**PROBLEM TO SOLVE**
What is needed is an exact repetition of the lines from the first one in the data through the line with "Grey Soft Candy", with no pictures.

**SUPPLIED INFORMATION**
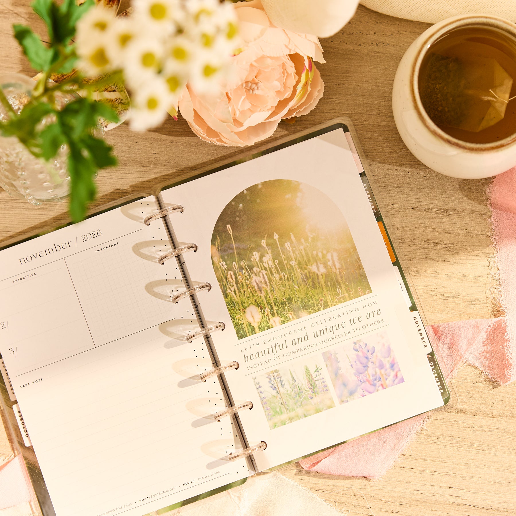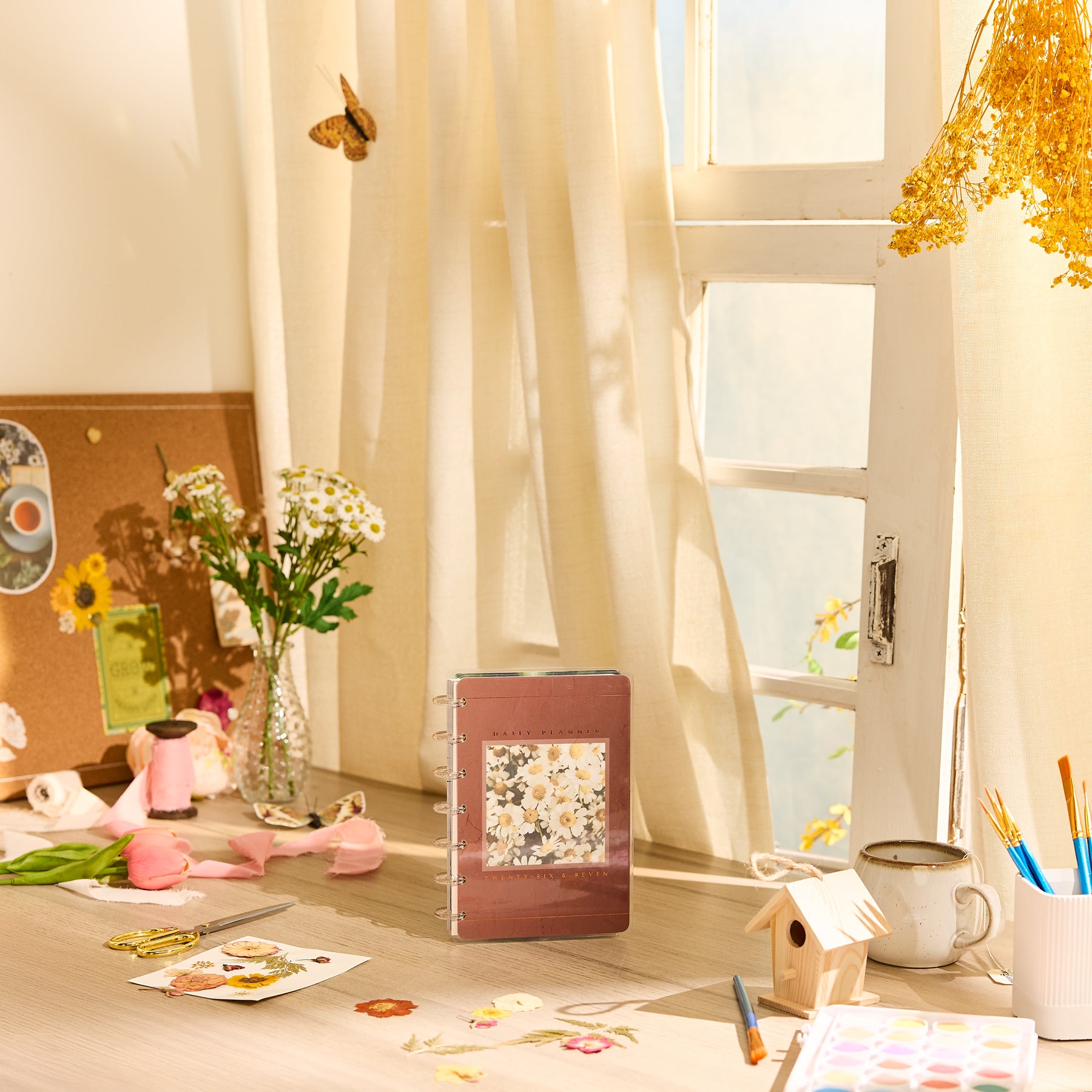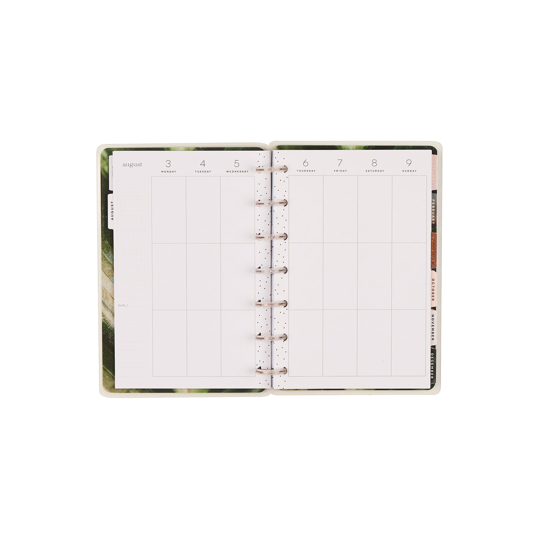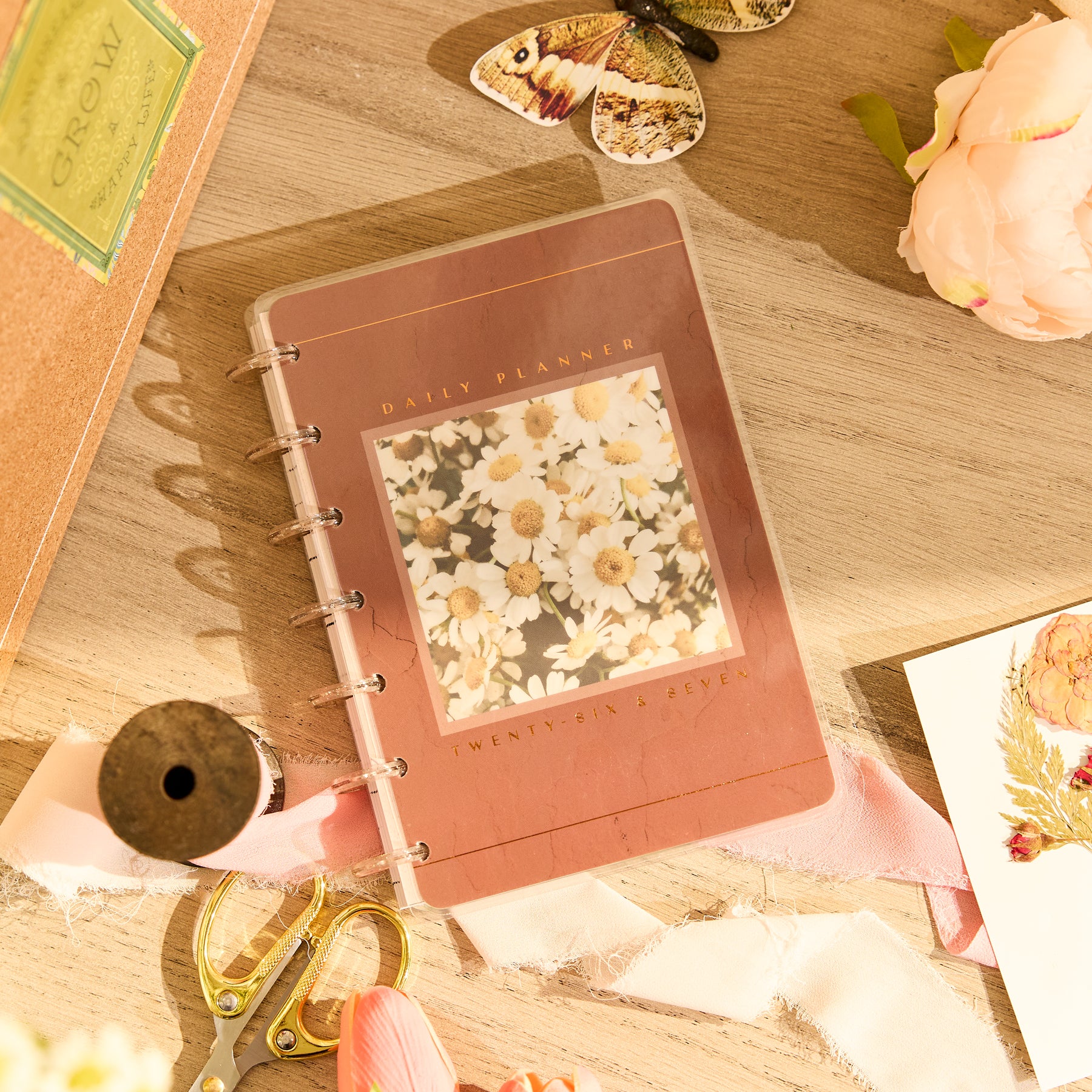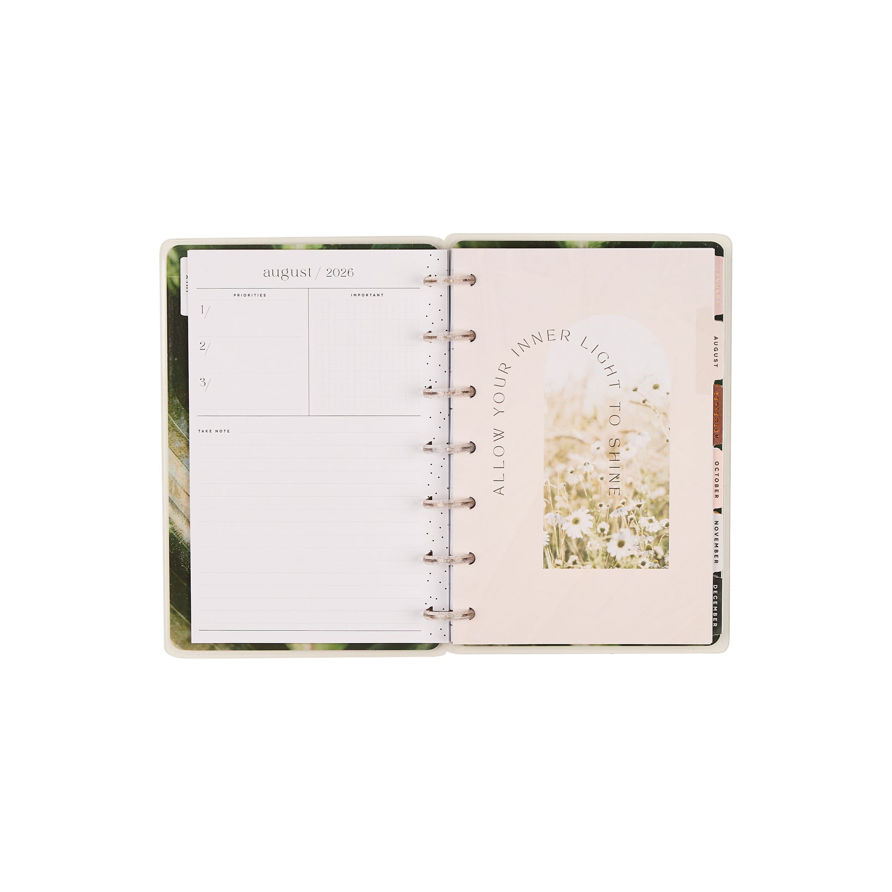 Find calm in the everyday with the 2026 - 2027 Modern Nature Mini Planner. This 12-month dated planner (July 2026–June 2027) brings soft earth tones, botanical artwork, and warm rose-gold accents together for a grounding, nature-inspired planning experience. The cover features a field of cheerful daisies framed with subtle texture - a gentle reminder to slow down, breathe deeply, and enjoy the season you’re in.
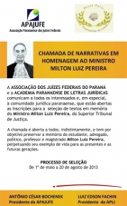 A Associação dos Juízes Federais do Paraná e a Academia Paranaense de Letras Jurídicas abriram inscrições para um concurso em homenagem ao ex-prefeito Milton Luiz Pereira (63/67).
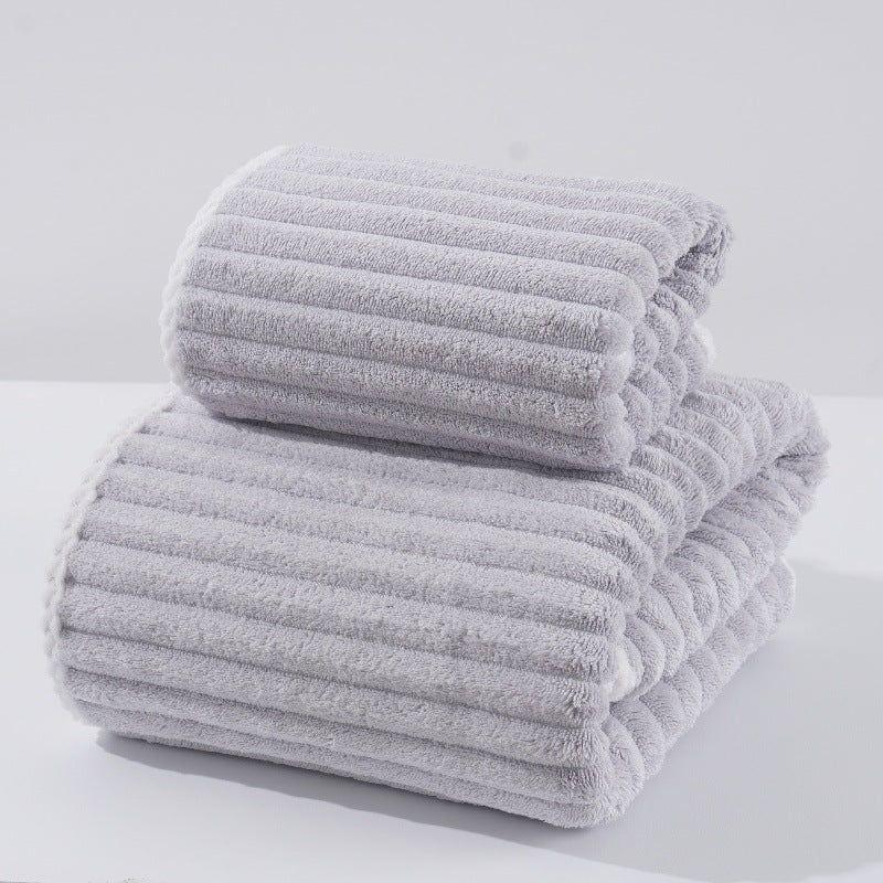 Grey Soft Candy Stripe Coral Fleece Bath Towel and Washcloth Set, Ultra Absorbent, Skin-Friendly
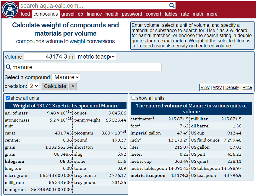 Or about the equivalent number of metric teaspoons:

**TASK SOLUTION**
 Find calm in the everyday with the 2026 - 2027 Modern Nature Mini Planner. This 12-month dated planner (July 2026–June 2027) brings soft earth tones, botanical artwork, and warm rose-gold accents together for a grounding, nature-inspired planning experience. The cover features a field of cheerful daisies framed with subtle texture - a gentle reminder to slow down, breathe deeply, and enjoy the season you’re in.
 A Associação dos Juízes Federais do Paraná e a Academia Paranaense de Letras Jurídicas abriram inscrições para um concurso em homenagem ao ex-prefeito Milton Luiz Pereira (63/67).
 Grey Soft Candy Stripe Coral Fleece Bath Towel and Washcloth Set, Ultra Absorbent, Skin-Friendly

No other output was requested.